2012-04-03 13:18 China Daily     Web Editor: Zang Kejia comment

Dreams of riches

But daydreams about the riches to be had pushed the market in the wrong direction.

Typically, a dealer pays rural artisans less than 100 yuan ($15) for an artwork or artifact. Then, after secondary work on the piece painting or polishing, perhaps the dealer sells the item on the antique exchange market for tens of thousands of yuan, according to the report.

Someone gets buckets of gold, while the counterfeiters often end up in prison.

"The point where it becomes illegal is only after the artifacts reach the market and are traded as antiques," said Liu. "It is very rare that the dealers in the middle of the trading process would have failed to identify whether an item is genuine or not.

"If they fail to reveal an item as a fake, that violates the law. It is only at that point we can say it is illegal."

The crime is more severe when the amounts involved reach a certain level, and then the dealers can be sentenced to more than three years in prison, he said.

Of course, they are the ones who benefit the most from the sale, not the rural artisans or skilled craftsman. In the chain of counterfeit production, the dealer or broker benefits the most in the fake art deals, and at the other end of the chain is the unwitting buyer.

"People who dream of getting rich overnight with art investments are targeted by fake-antique dealers," Liu said. "True collectors don't get so excited that they invest in an item without gathering the information needed to make an informed purchase."

Liu also said that the get-rich-quick attitude in collecting has spread everywhere in the past decade. At the peak of the collection fervor in 2008, there were about four prime-time TV programs about appraising and evaluating objects gathered in various places.

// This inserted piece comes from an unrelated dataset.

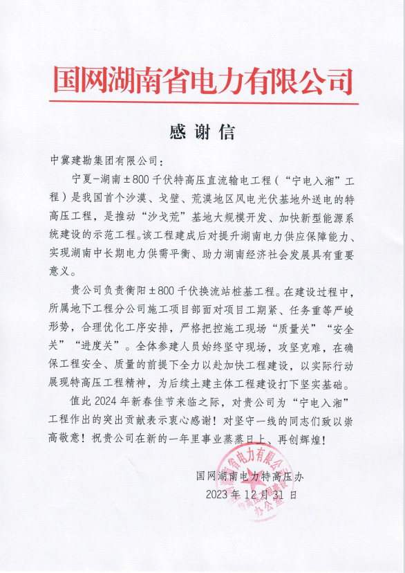 &n����� �������Ƴ������������ �������Ƴ������������ �������Ƴ������������ �������Ƴ�������bsp; 国����� �������Ƴ������������ �������Ƴ������������ �������Ƴ������������ �������Ƴ�������家电网湖南电力特高压办,为我公司承建的衡阳&����� �������Ƴ������������ �������Ƴ������������ �������Ƴ������������ �������Ƴ������plusmn;800千伏换流站����� �������Ƴ������������ �������Ƴ������������ �������Ƴ������������ �������Ƴ�������工程桩基项目部发来感谢信一封。感����� �������Ƴ������������ �������Ƴ������������ �������Ƴ������������ �������Ƴ�������谢信内容主要表达了,面对项目����� �������Ƴ������������ �������Ƴ����������� �������Ƴ������������ �������Ƴ�������的工期紧,任务重等关键形势,称赞我公司能严格把����� �������Ƴ����������� �������Ƴ������������ �������Ƴ������������ �������Ƴ�������质量关,安全关和进度关。

The fervor needs to cool down, he said, especially because it has led the market astray. Appraisers are accused of lying for money and auction companies have lost their credibility because of all the confusion.

"Up to now, we don't have a law specifically aimed at regulating the antique trading," Liu said, "but we really need to take some action."

Suspected counterfeit events

In May 2009, for the Wenchuan earthquake commemoration, a dozen collectors donated their private collection of 66 relics, worth more than 100 million yuan ($15.8 million), to the Wenchuan county government. Later, when the public could see the items online, their authenticity came into doubt.

In January 2011, bidding on two jade chairs said to be the antiques from the two Han dynasties (206 BC -AD 220) began at 180 million yuan, and the chairs were finally sold for 220 million yuan. The authenticity of the chairs was questioned, but Zhou Nanquan, a professional appraiser from the Palace Museum in Beijing, maintained that they were genuine. It has been said, however, that if the chairs were counterfeited in Pizhou, Jiangsu province, a place famous for fake Han jade items, they would be worth no more than 500,000 yuan.

In January, a piece of calligraphy called Qianziwen (One Thousand Words), sold for 140 million yuan at an auction in Shenzhen, Guangdong province. The work was said to be a gift of a Song Dynasty (AD 420-479) emperor to one of his top officials. But Shan Guolin, the curator of the Shanghai Museum, told Oriental Morning News, a Shanghai newspaper, that the piece could not be the original because the Shanghai Museum added that piece to its collection years ago.